In an October 6, 2020 Premia Partners Insight, we predicted that China would likely beat the then prevailing Bloomberg consensus of 2.0% GDP growth. Our forecast then was for 2.4% GDP growth. China has just announced its full year GDP growth rate at 2.3%.

8% GDP growth our forecast for 2021. Looking ahead, we are expecting around 8.0% GDP growth for China in 2021, against around 3% for the United States, 4.0% for the Euro Area, and 2.0% for Japan. The caveat and assumption are that China continues to successfully contain COVID-19 clusters that may break out from time to time.

China as world’s #1 economy by 2028? Continued effective management of the pandemic will then likely set China up to overtake the US as the world’s largest economy in US Dollar terms a year earlier than we had anticipated middle of last year. In an Insight published on May 13, 2020 , we wrote that Chinese economy should overtake the US economy by 2029 or 2030, depending on growth rate assumptions. We are now shortening that “catch-up” period by a year – to 2028 (on an optimistic growth assumption) or 2029 (on more cautious assumptions).

Notably, prominent UK-based economics consultancy, the Centre for Economics and Business Research (CEBR) recently predicted much the same.

In its “World Economic League Table 2021”, published on December 26, 2020, CEBR said: “The skillful management of the pandemic and the hits to long term growth in the West mean that China’s relative economic performance has improved. We now think that the Chinese economy in dollar terms will overtake the US economy in 2028, a full 5 years earlier than we thought last year.”

4Q20 sets a cracking pace for 2021. Significantly, 4Q20 GDP came in at 6.5% y/y, gathering momentum from 3.2% in 2Q20 and 4.9% in 3Q20 (figure 1). In contrast, the US economy spent 2Q20 and 3Q20 deep in negative territory, with contractions of -9.0% in 2Q20 and -2.8% in 3Q20, compared to the same quarter in the previous year. 4Q20 US GDP data had not yet been released at the time of writing.

Sources of economic growth all pointing up. Retail sales growth, while pointing upwards, is still below pre-pandemic levels. Fixed asset investment growth kicked back up, but was kept relatively modest at 2.9% y/y, avoiding concerns of renewed “over-investment”.

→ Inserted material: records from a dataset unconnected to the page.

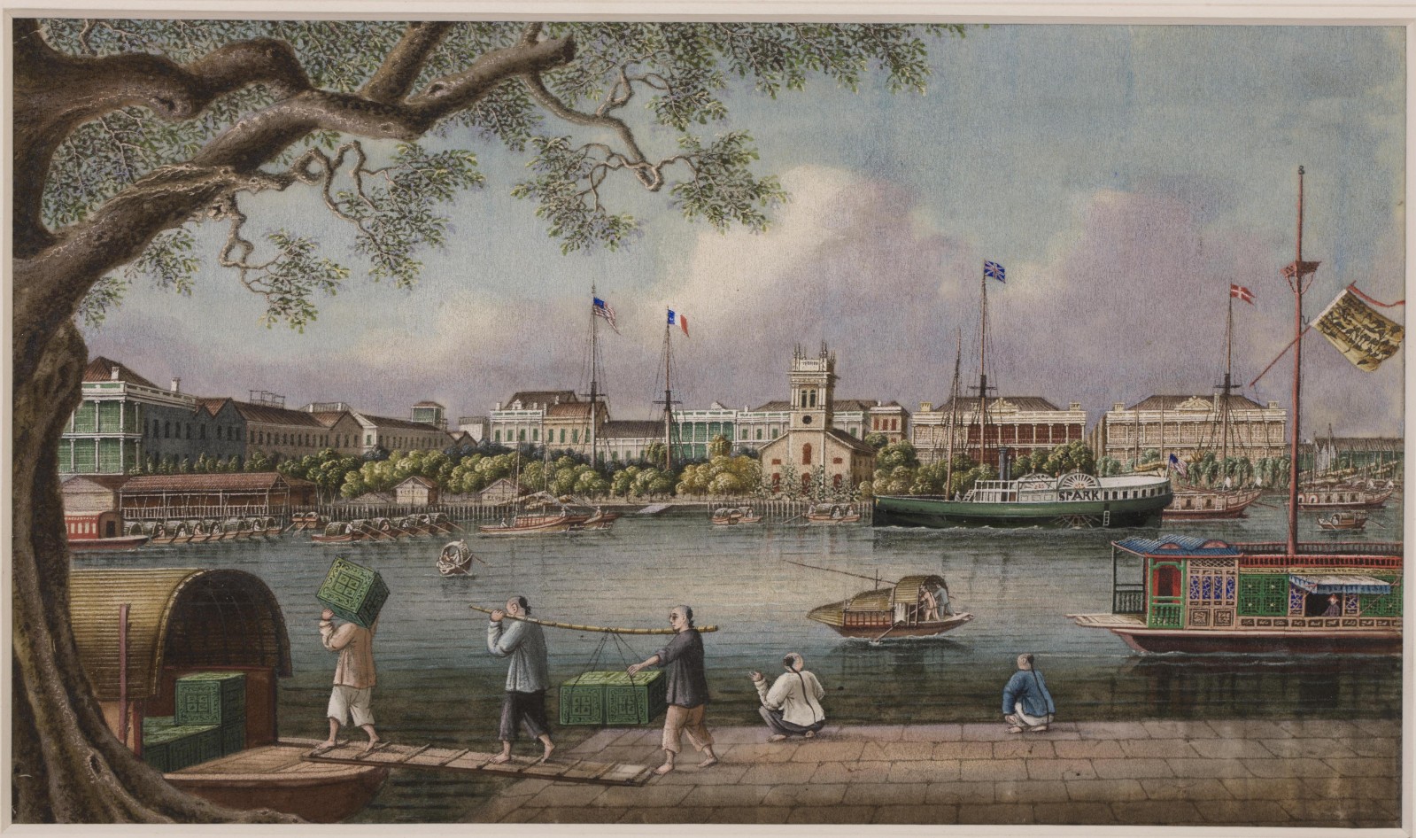 名称:十九世纪佚名画家绘珠江南岸运茶图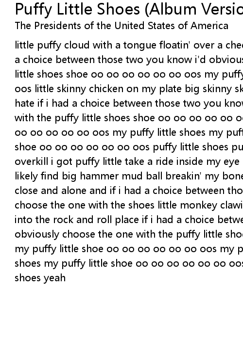 little puffy cloud with a tongue floatin' over a cheese puff rug a lug if i had a choice between those two you know i'd obviously choose the one with the puffy little shoes shoe oo oo oo oo oo oo oos my puffy little shoe oo oo oo oo oo oo oos little skinny chicken on my plate big skinny skinhead he's up to here with hate if i had a choice between those two you know i'd obviously choose the one with the puffy little shoes shoe oo oo oo oo oo oo oos my puffy little shoe oo oo oo oo oo oo oos my puffy little shoes my puffy little shoes my puffy little shoe oo oo oo oo oo oo oos puffy little shoes puffy little shoes yeah urge overkill i got puffy little take a ride inside my eye and this is what you will likely find big hammer mud ball breakin' my bones soft shoulder salamander's up close and alone and if i had a choice between those two i'd absolutely have to choose the one with the shoes little monkey clawin' at my face and people pack into the rock and roll place if i had a choice between those two you know i'd obviously choose the one with the puffy little shoes shoe oo oo oo oo oo oo oos my puffy little shoe oo oo oo oo oo oo oos my puffy little shoes my puffy little shoes my puffy little shoe oo oo oo oo oo oo oos puffy little shoes puffy little shoes yeah |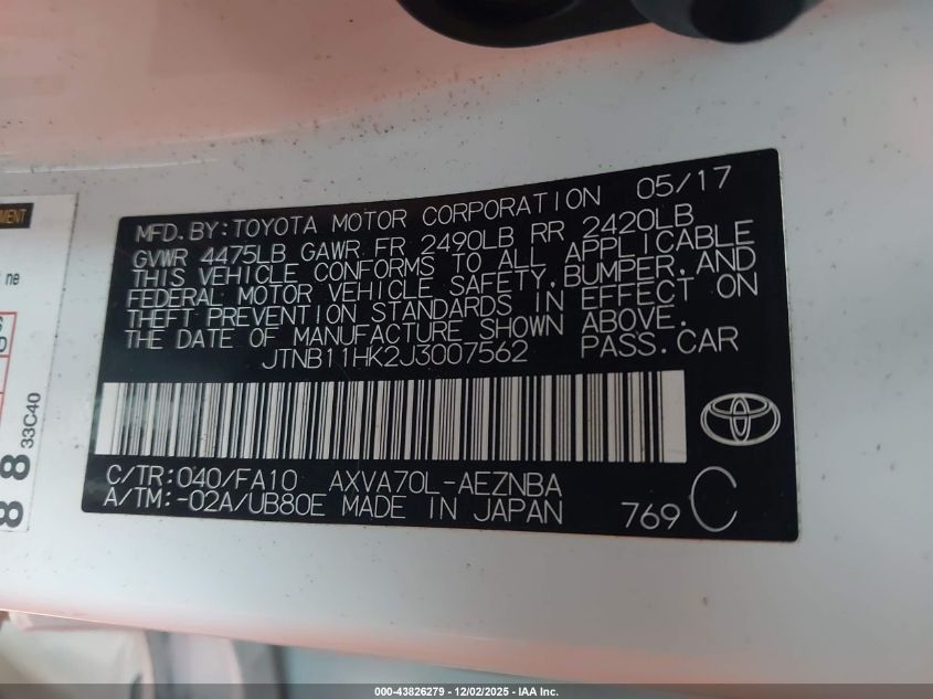 Цвет БелыйЦилиндры 4Привод Передний приводVIN JTNB11HK2J3007562Состояние СтационарноПовреждения Задняя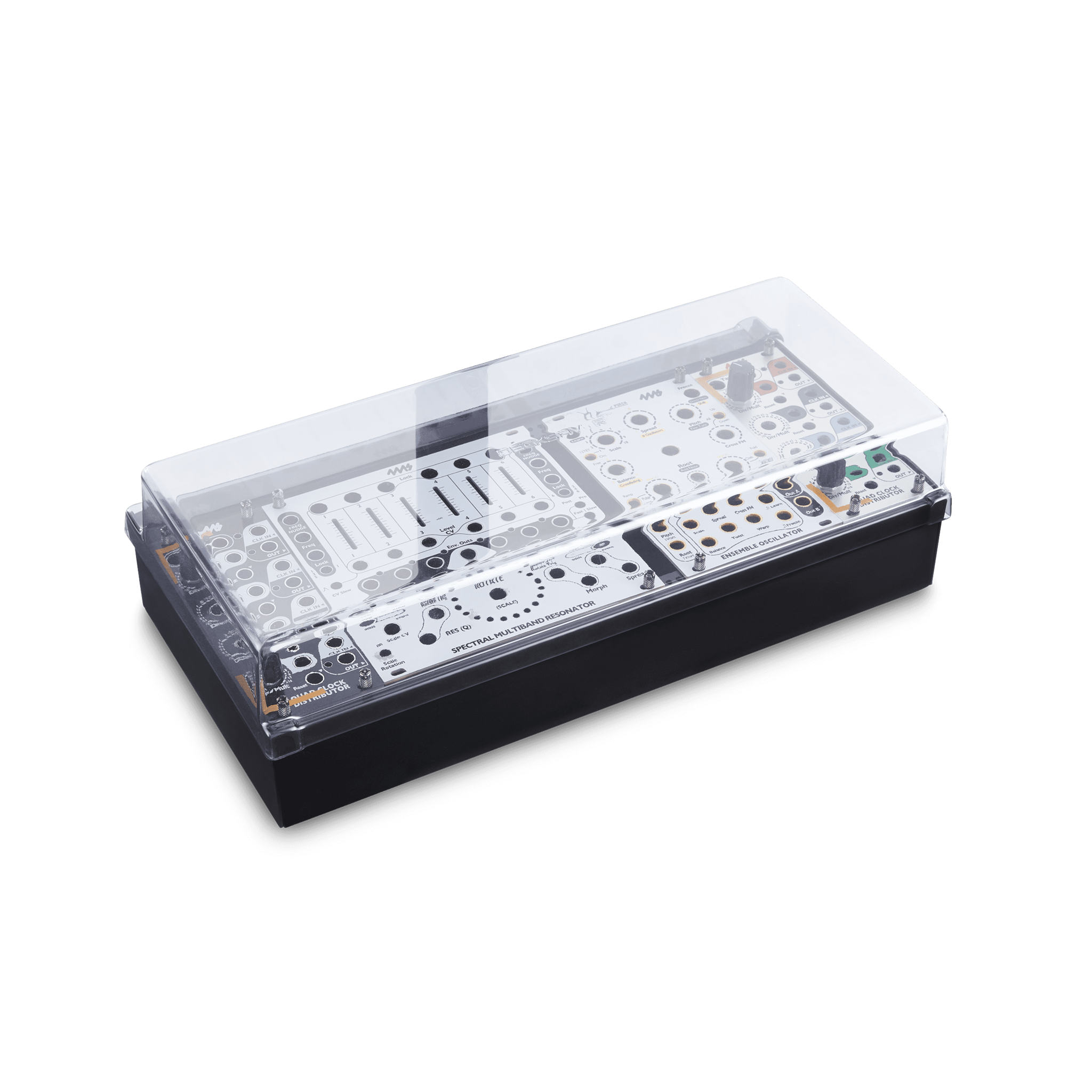 The 4MS Company POD64X is a compact, portable enclosure for your Eurorack modules. The Decksaver cover is the perfect solution to protect these valuable and often delicate modules. Constructed from ultra-durable polycarbonate, the cover fits seamlessly over the case, shielding the faceplates, knobs, jacks, and even patched cables from dust, liquids, and physical impact. This is crucial for both mobile use and long-term studio storage, preventing accidental cable breaks or dust build-up.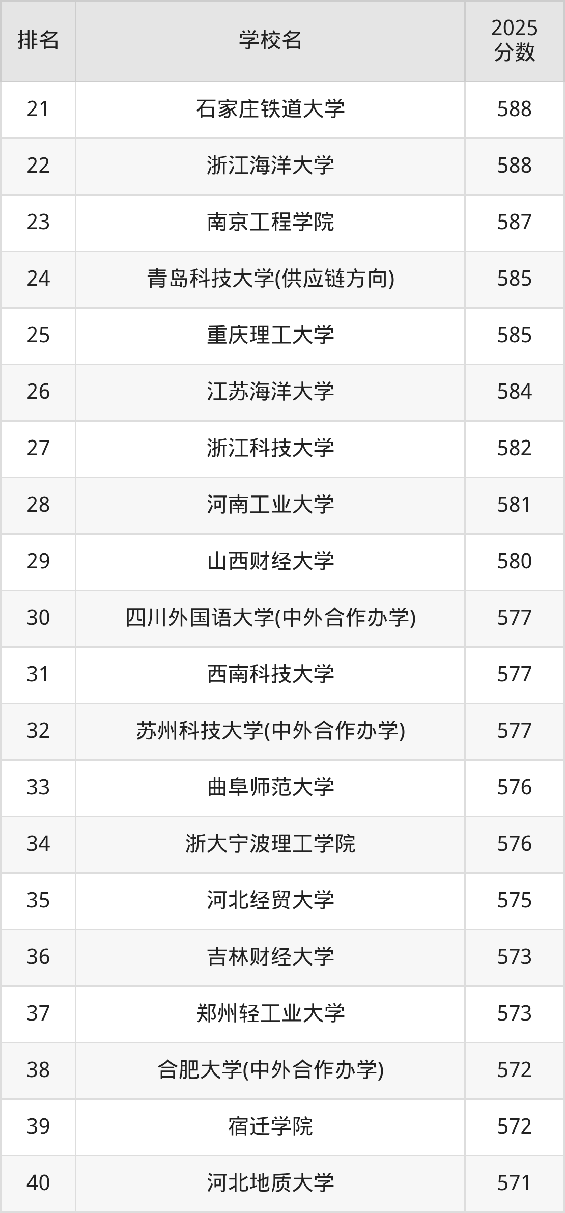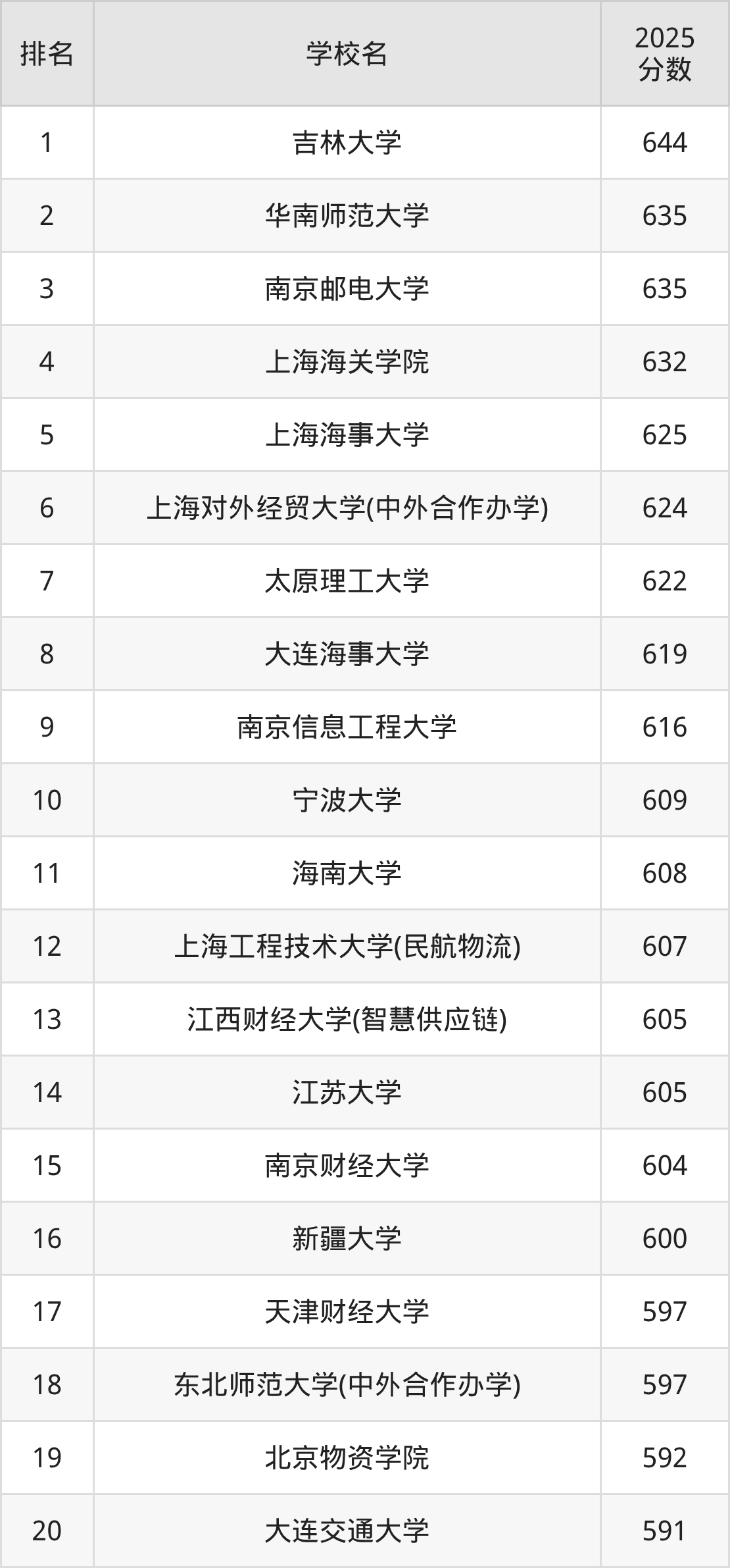 二、物流管理專業(yè)大學(xué)排名及分?jǐn)?shù)線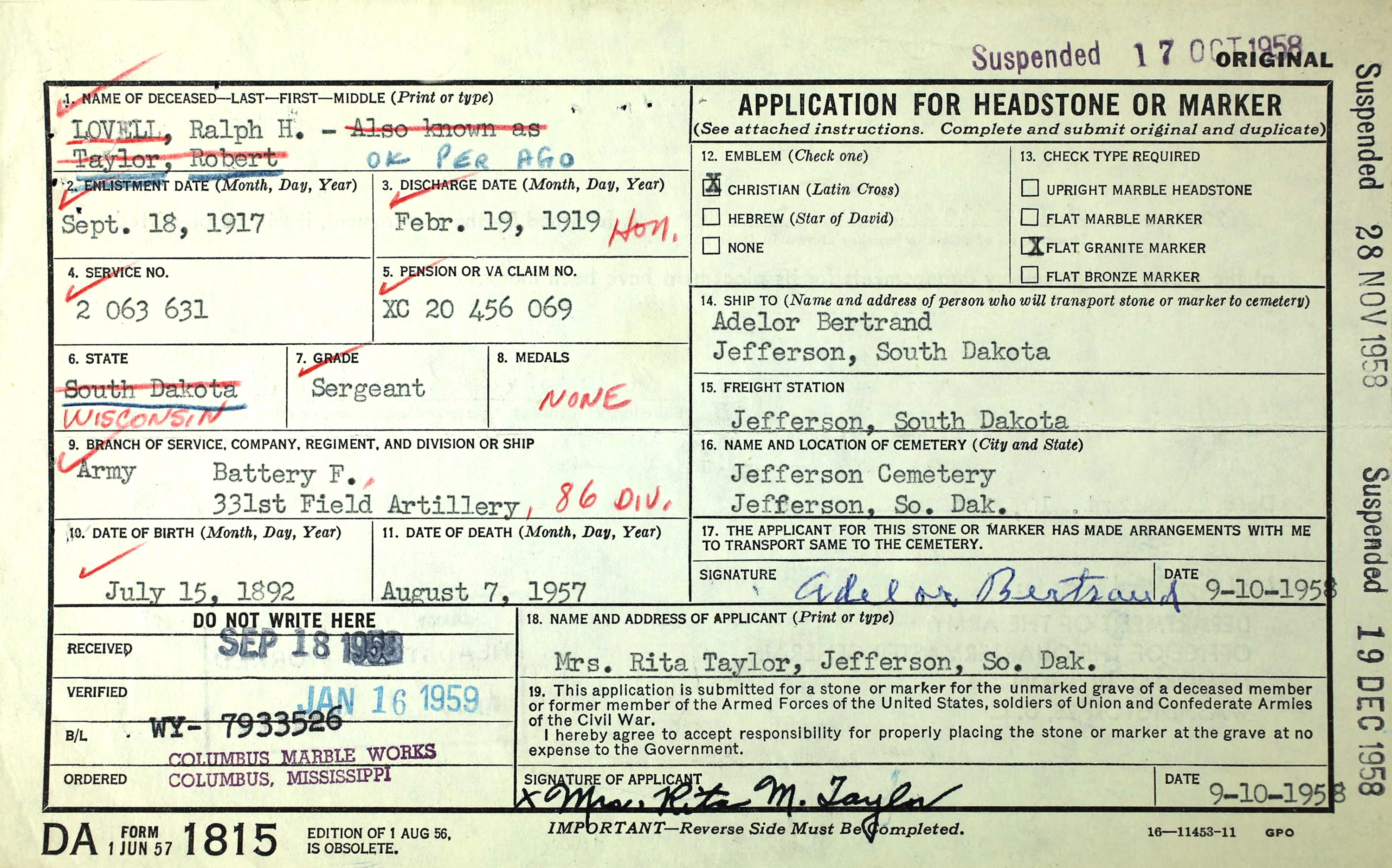 Ralph Herbert Lovell (a/k/a Robert Taylor) was born July 15, 1892, in the Town of Orion, Richland Co., WI, and supposedly died by murder about September 16, 1929, in Cavalier Co., ND, at age 37. However, he instead changed his name to Robert Taylor, and died August 7, 1957, in Jefferson, Union Co., SD, at age 65. Buried in Saint Peters Cemetery, Jefferson, Union Co., SD. He is the son of Charles Herbert Lovell of Milwaukee, Milwaukee Co., WI, and Dora Belle Blake of the Town of Orion, Richland Co., WI.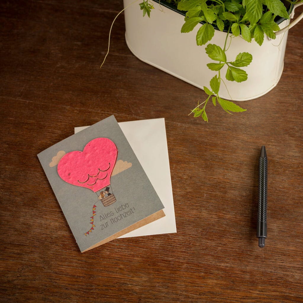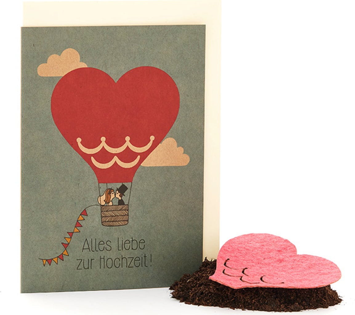 Kiedy dwoje ludzi się odnajduje i wpływa do portu małżeństwa, jest to wyjątkowy moment. To oczywiste, że chcesz przekazać szczęśliwej parze swoje najlepsze życzenia. Dzięki tej ślicznej kartce możesz zrobić to w szczególnie uroczy sposób i sprawić nowożeńcom niepowtarzalną radość. Balon na karcie jest bowiem wykonany z papieru nasiennego i jest pełen nasion, które w ziemi zamieniają się w przepiękne dzikie kwiaty. Idealny prezent na start we wspólne, szczęśliwe życie małżeńskie.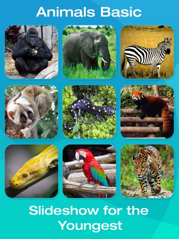 Simplicity is the key to a successful app for children. Touch the animal to see its magnified image and hear its voice, name and written form. Touch the arrow or swipe your finger to get to next or previous page with more animals. Run simple slideshow for the youngest where no children cooperation is needed.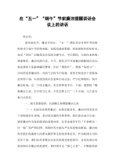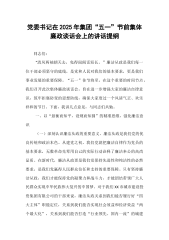 党委书记在2025年集团“五一”节前集体廉政谈话会上的讲话提纲同志们:“清风两袖朝天去,免得闾阎话短长。”廉洁从政是我们每一位干部必须坚守的底线,是党和人民对我们的基本要求,更是我们事业发展的重要保障。“五一”佳节将至,在这个重要的时间节点,我们召开此次集体廉政谈话会,旨在进一步增强大家的廉洁自律意识,筑牢拒腐防变的思想防线,确保大家度过一个风清气正、欢乐祥和的节日。下面,我讲几点意见,与同志们共勉。一、以“悬衡而知平,设规而知圆”的精准思维,强化廉洁意识(一)深刻认识廉洁从政的重要意义。廉洁从政是我们党的优良传统和政治本色。从建党之初,我们党就把廉洁自律作为党员的基本要求,无数革命先辈用自己的实际行动诠释了廉洁奉公的高尚品质。在新时代,廉洁从政更是我们党保持先进性和纯洁性的必然要求,是我们...

The indispensable heart of global supply chains. Industrial production growth has moved back to pre-pandemic levels, and remarkably, in the midst of a trade war with the United States, China’s export growth shot the proverbial lights out, breaking way above pre-pandemic levels (figure 2). As a result, China’s trade surplus hit a historic high of US$78.2 billion (figure 3).

This was made even more remarkable by a stunning 6.7% rise in the value of the CNY against the USD, which should have weighed against China’s export growth. All of which – amidst a trade war – raises important points about China’s competitiveness and China as the indispensable heart of global supply chains and manufacturing.

By the way, as Donald Trump (who reckoned “trade wars are easy to win”) retires to his golf course in Florida, he might note that China’s trade surplus with the US reached another record of US$317 billion in 2020.